CXCR4 and its receptor, CXCL12, has been shown to be closely related to the development and metastasis of various tumors, and the relationship between the high expression of the CXCR4 gene and CTCs has been found in a number of tumors (24). Mego et al. (25) showed that a relationship between breast cancer CTCs and CXCR4, and revealed the role of CXCR4-SDF-1 in the mobilization and transport of endothelial CTCs. However, in the HCC studies, the data did not match with other tumors. The expression of CXCR4 in tumors was with no significant difference (26) or even lower (27) compared with normal tissues by immunohistochemistry or PCR analysis. Recently, Kaemmerer et al. (28) and other studies found that CXCR4 was strongly expressed in the tumor blood vessels of liver cancer, and its CXCR4 expression was associated with poor prognosis. Yu et al. (29) showed that peripheral MMP26 + CXCR4 + were liver cancer CTCs, and considered that CXCR4 could be used as a marker for detecting CTCs. Our previous laboratory study confirmed that the “pathways in cancer” in gene expression profile analysis of HCCs with very high CTCs levels and those with very low CTCs levels revealed ranked first with respect to the differentially expressed genes. CXCR4 was shown to play an important part in seven cancer-related biological processes, some of which were metastasis-related biological process (e.g., positive regulation of cell invasion and migration, tumor angiogenesis, negative regulation of apoptosis, and chemotaxis) (30). We observed that most of the genes involved in these metastasis-related biological processes were up-regulated. Thus, some compensatory dissemination/metastasis mechanisms may exist in HCCs which may result in a high CTC count and M-CTCs percentage. Our study further found that the expression of CXCR4 in different types of CTCs was significantly different. The expression rate of CXCR4 in interstitial CTCs (interstitial and mixed CTCs) was >50%. This is in agreement with our previous laboratory findings.

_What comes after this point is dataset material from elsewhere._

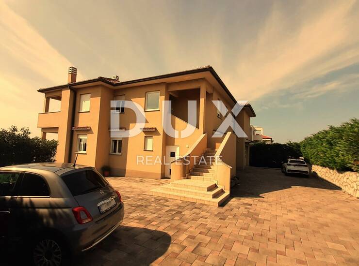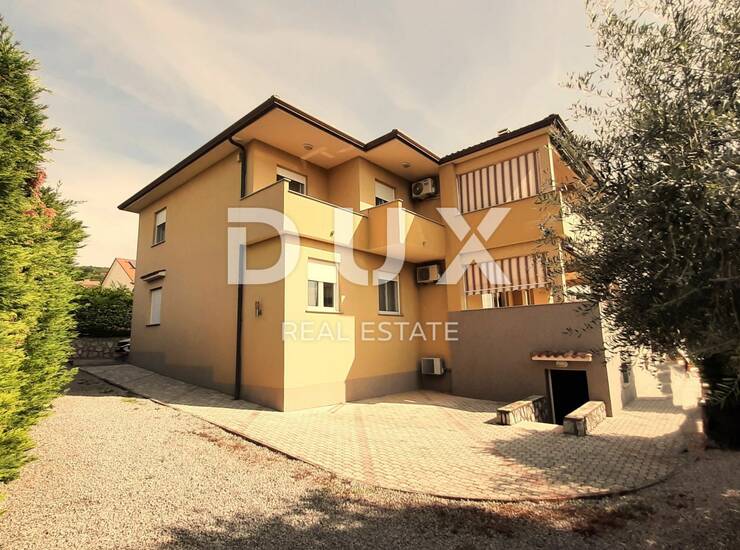 Na samo 200m od prve plaže, u mirnoj ulici smještena je ova predivna obiteljska kuća s dva stana u čijoj prodaji posredujemo. Ukupne je stambene površine 372m2 izgrađena na parceli od 882m2, okružena okućnicom od 687m2. Sastoji se od suterena u kojem se nalazi konoba 30m2, stana u pr

To this end, we did tumor-free survival follow-up in 99 HCC patients who underwent CTCs before surgery, and found that with the exception of the number of pre-operative CTCs, the types of CTCs all affected the tumor-free survival time. Although there is no statistical difference in the total number of CTCs, the trend was favorable. In terms of the total number of CTCs, 5 CTCs/7.5 mL of peripheral blood were counted as the boundary value, and the tumor-free survival was significantly longer in patients with <5 CTCs compared to >5 CTCs. This affirmed the importance of CTCs as a post-operative prognostic indicator for liver cancer patients. The greater the expression of pre-operative peripheral blood CTCs, the poorer the prognosis. At the same time, in the research of different types of CTCs, we found that interstitial CTCs, with more invasion and metastatic potential, can be more accurate in the assessment of tumor-free survival time for liver cancer patients, which is consistent with other CTCs related to malignant tumors, metastatic breast cancer, colon cancer, and prostate cancer (31-33). Because of the small number of patients and limitation of the follow-up, only 22 patients had survival-related follow-up information, and total survival were not included in the study. Therefore, in future studies, large sample sizes and patient follow-up information will be refined for further validation.

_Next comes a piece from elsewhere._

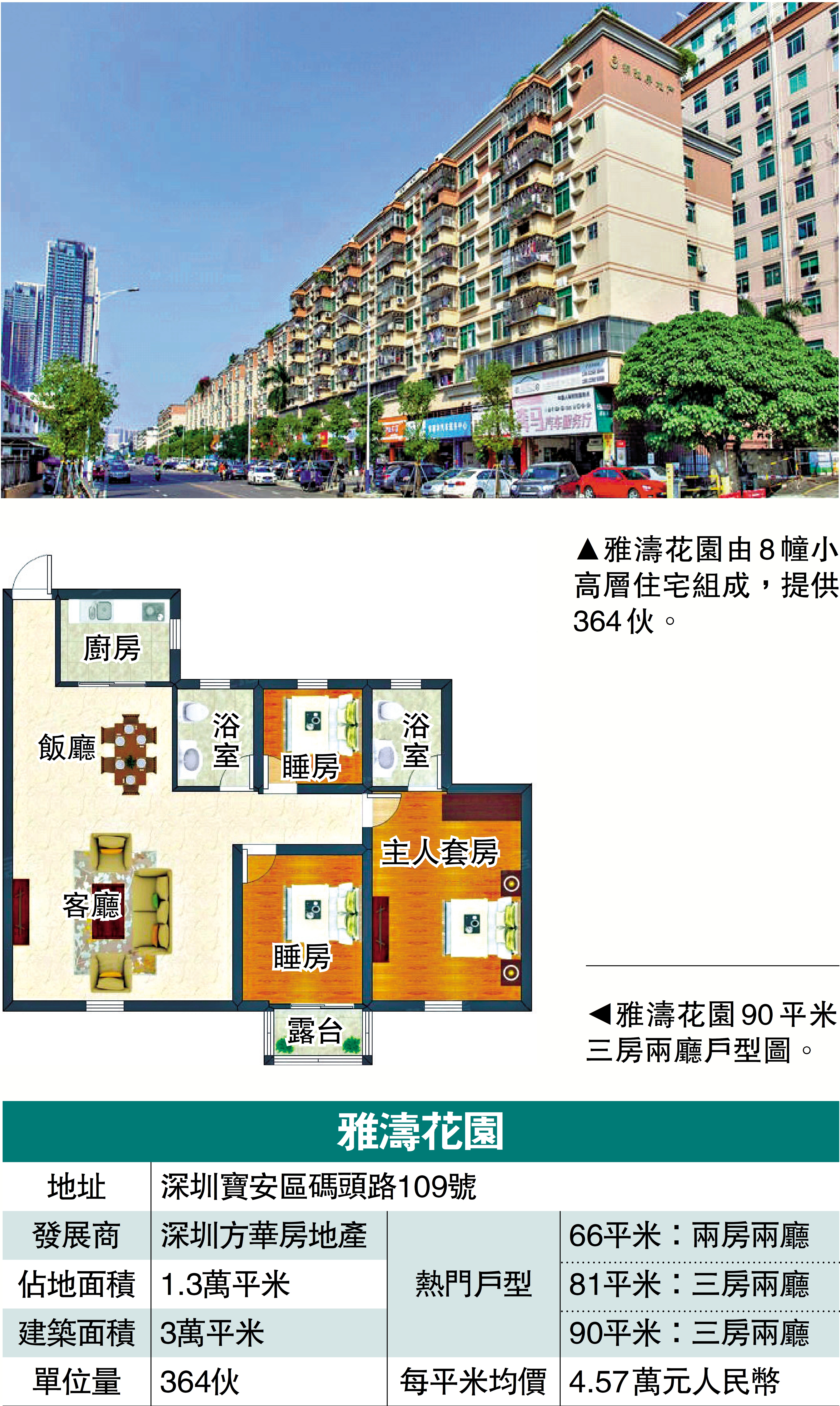 雅濤花園位於寶安區碼頭路109號,於2001年建成,樓齡25年,項目距離地鐵1號線坪洲站約3至5分鐘步程,周邊公交網絡密集,可快速接駁寶安大道、西鄉大道等主幹道。據房天下數據顯示,屋苑每平米成交價約4.57萬元(人民幣,下同),與去年同期比較仍保持穩定,展現抗跌屬性。

In summary, peripheral CTC positivity is related to the recurrence and prognosis of HCC and can be used as an independent prognostic factor for HCC. At the same time, high CXCR4 protein expression was more common in mixed CTCs. The monitoring of peripheral blood CTCs should be a dynamic observation process combined with the characteristics of liver cancer to find the discipline of the changes in peripheral blood CTCs and guide clinical treatment. We bring new hope for accurately judging the clinical staging of liver cancer, guiding individualized treatment, and evaluating the prognosis.